Exhibiti 4.27
WARRANT CLARIFICATION AGREEMENT
THIS WARRANT CLARIFICATION AGREEMENT (this “Agreement”), dated May 10, 2007, amends the Warrant Agreement, dated as of July 29, 2004 (the “Warrant Agreement”), by and between FreeSeas Inc., a corporation organized under the laws of the Republic of the Marshall Islands (“Company”), the successor by merger with Trinity Partners Acquisition Company Inc. (“Trinity”), and AMERICAN STOCK TRANSFER & TRUST COMPANY, a New York corporation (“Warrant Agent”).

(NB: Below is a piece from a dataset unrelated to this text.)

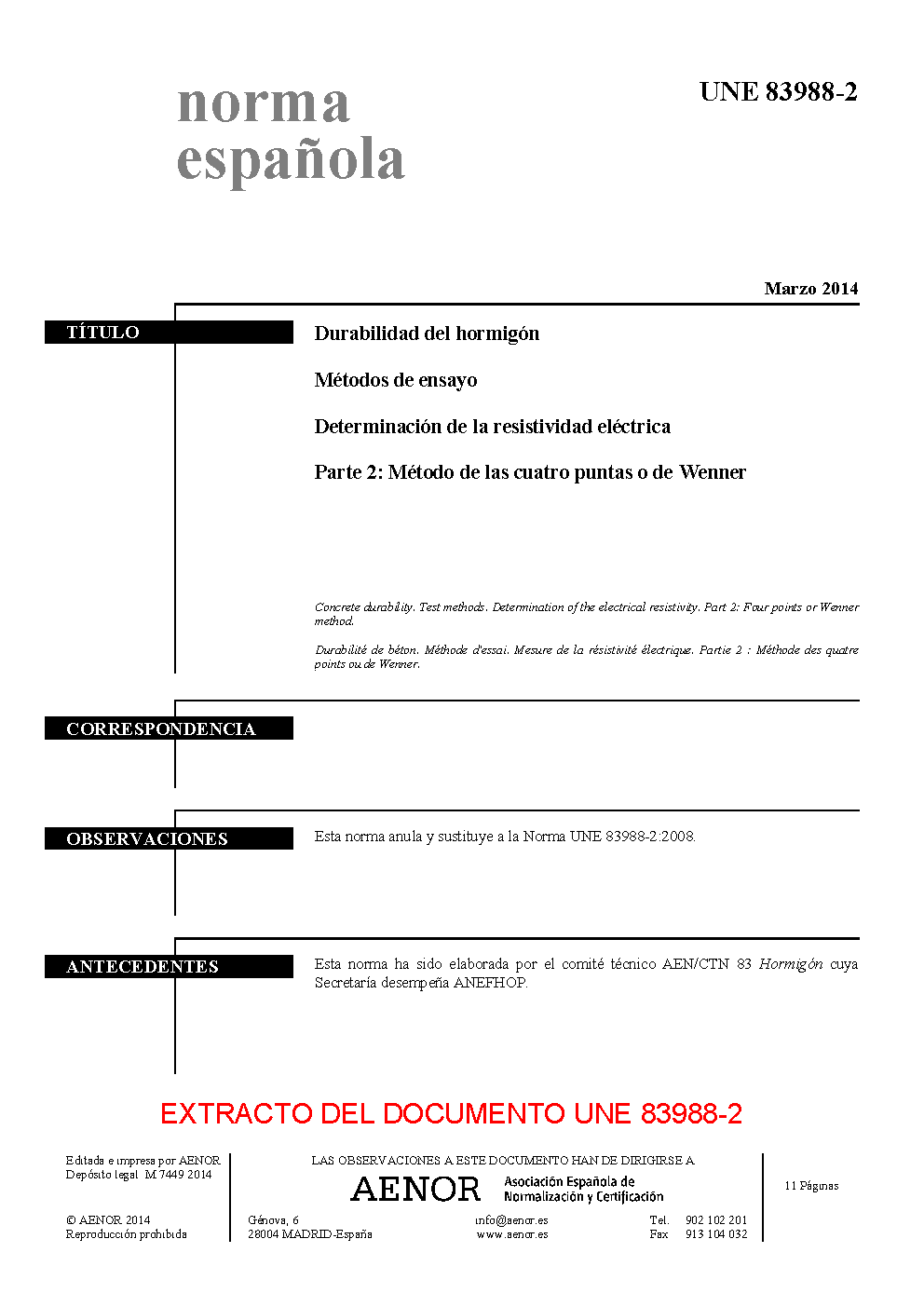 | Publisher | Asociacion Espanola de Normalizacion y Certificacion (AENOR) |

WHEREAS, the Company assumed Trinity’s rights and obligations under the Warrant Agreement by virtue of Trinity’s merger with and into the Company on December 15, 2005;
WHEREAS, Section 3.3.2 of the Warrant Agreement provides that Company shall not be obligated to deliver any securities pursuant to the exercise of a Warrant unless a registration statement under the Securities Act of 1933, as amended (“Securities Act”), with respect to the Common Stock is effective;
WHEREAS, in furtherance of the foregoing, Trinity’s final prospectus, dated July 29, 2004, delivered in connection with the original offering of the Warrants, indicated (i) that no Warrant would be exercisable unless at the time of exercise a prospectus relating to the Common Stock issuable upon exercise of the Warrant is current and the Common Stock has been registered under the Securities Act or qualified or deemed to be exempt under the securities laws of the state of residence of the holder of the Warrant and (ii) that the Warrant may be deprived of any value and the market for the Warrant may be limited if the prospectus relating to the Common Stock issuable upon the exercise of the Warrant is not current or if the Common Stock is not qualified or exempt from qualification in the jurisdictions in which the holder of the Warrant resides; and
WHEREAS, the parties hereto deem it necessary and desirable to amend the Warrant Agreement to clarify that the registered holders do not have the right to receive a net cash settlement in the event the Company does not maintain a current prospectus relating to the Common Stock issuable upon exercise of the Warrants at the time such Warrants are exercisable.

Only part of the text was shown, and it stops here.